Faut-il moins taxer le travail des femmes ?


Les inégalités salariales entre hommes et femmes et le débat sur la taxation des couples ayant déjà été abordés par Ecopublix, les bases sont posées pour discuter d’une question plus provocatrice, à savoir la taxation différentielle selon le sexe. La proposition de taxer moins le travail des femmes a en effet alimenté récemment le débat économique, à la suite à un article d’Alberto Alesina, Andrea Ichino et Loukas Karabarbounis, fortement contesté par Gilles Saint-Paul sur Vox Populi (voir ici, ici, et là) et repris par Etienne Wasmer. Cette proposition est d’autant plus d’actualité qu’elle fait partie du programme du parti conservateur espagnol Partido Popular pour les prochaines élections législatives. Voici un résumé et une discussion des arguments en présence.
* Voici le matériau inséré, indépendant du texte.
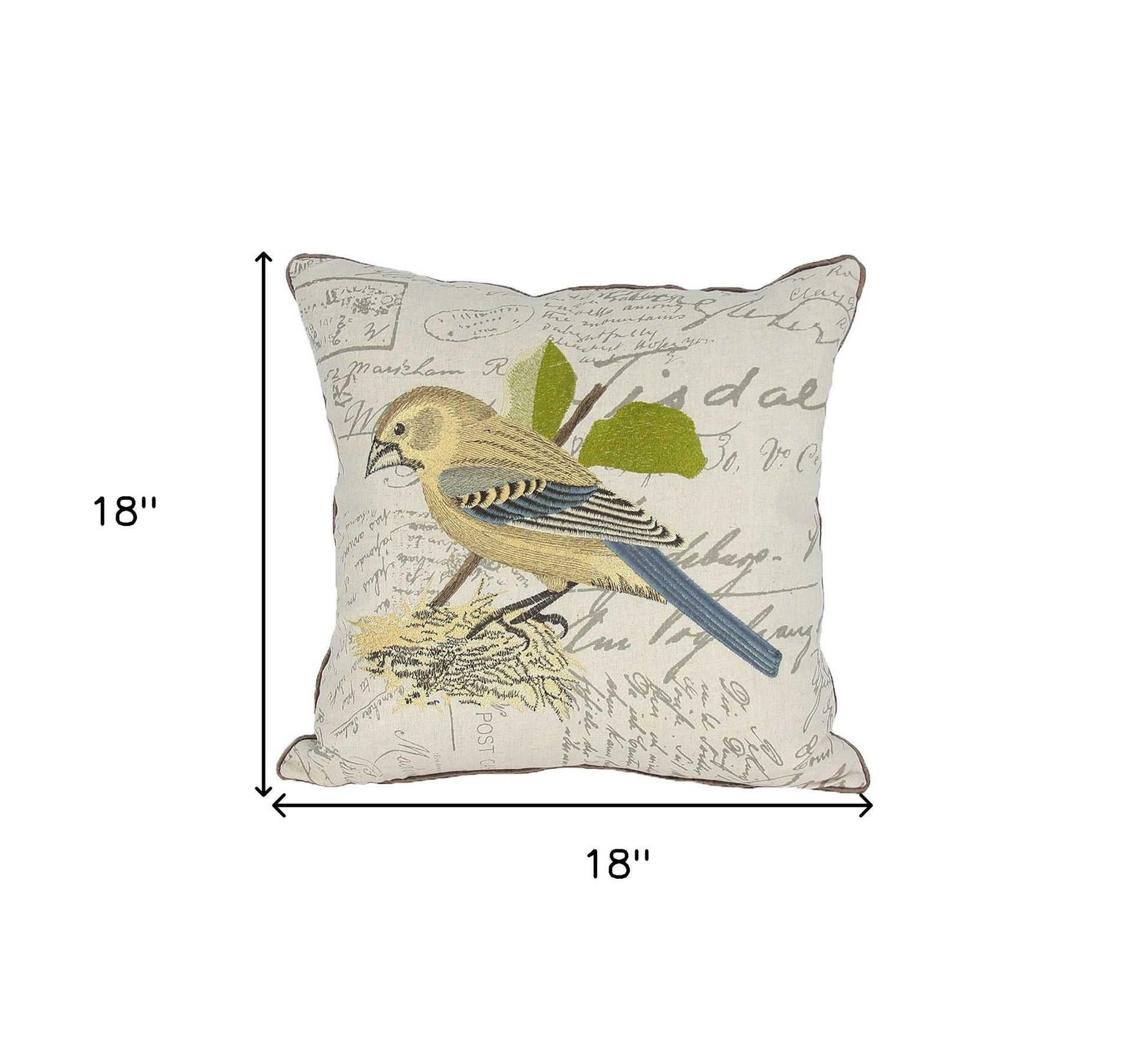 18"x18" Beige and Brown Bird Linen Blend Bird Print Zippered Pillow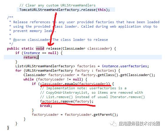 从源码结构上分析,一层套一层,反正和当前WebAppClassLoader是有关系的,那Tomcat的做法也很简单,就是将其干掉:

I/ La proposition initiale

L’idée d’une taxation différenciée du travail des hommes et des femmes repose sur la constatation empirique que l’offre de travail des femmes, en particulier celles qui sont en couple, est plus élastique que celle des hommes (c’est-à-dire qu’une femme réduira plus fortement son offre de travail à la suite d'une baisse de 10% de son salaire qu’un homme). Si l’élasticité de l’offre de travail des femmes mariées a eu tendance à baisser ces trente dernières années, elle reste significativement plus élevée que celle des hommes. Les estimations actuelles de l’élasticité de l’offre de travail des femmes mariées par rapport à celle des hommes varient d’un ratio de 1 à 4 pour les Etats-Unis (Blau et Khan 2007), qui pratiquent la taxation jointe des couples (le second apporteur de revenu étant plus taxé que le premier, comme expliqué ici), à un ratio 1 à 2 pour un pays comme la Suède (Gelber 2008), où la taxation est individuelle (et non par couple) et où la participation des femmes au marché du travail est particulièrement forte.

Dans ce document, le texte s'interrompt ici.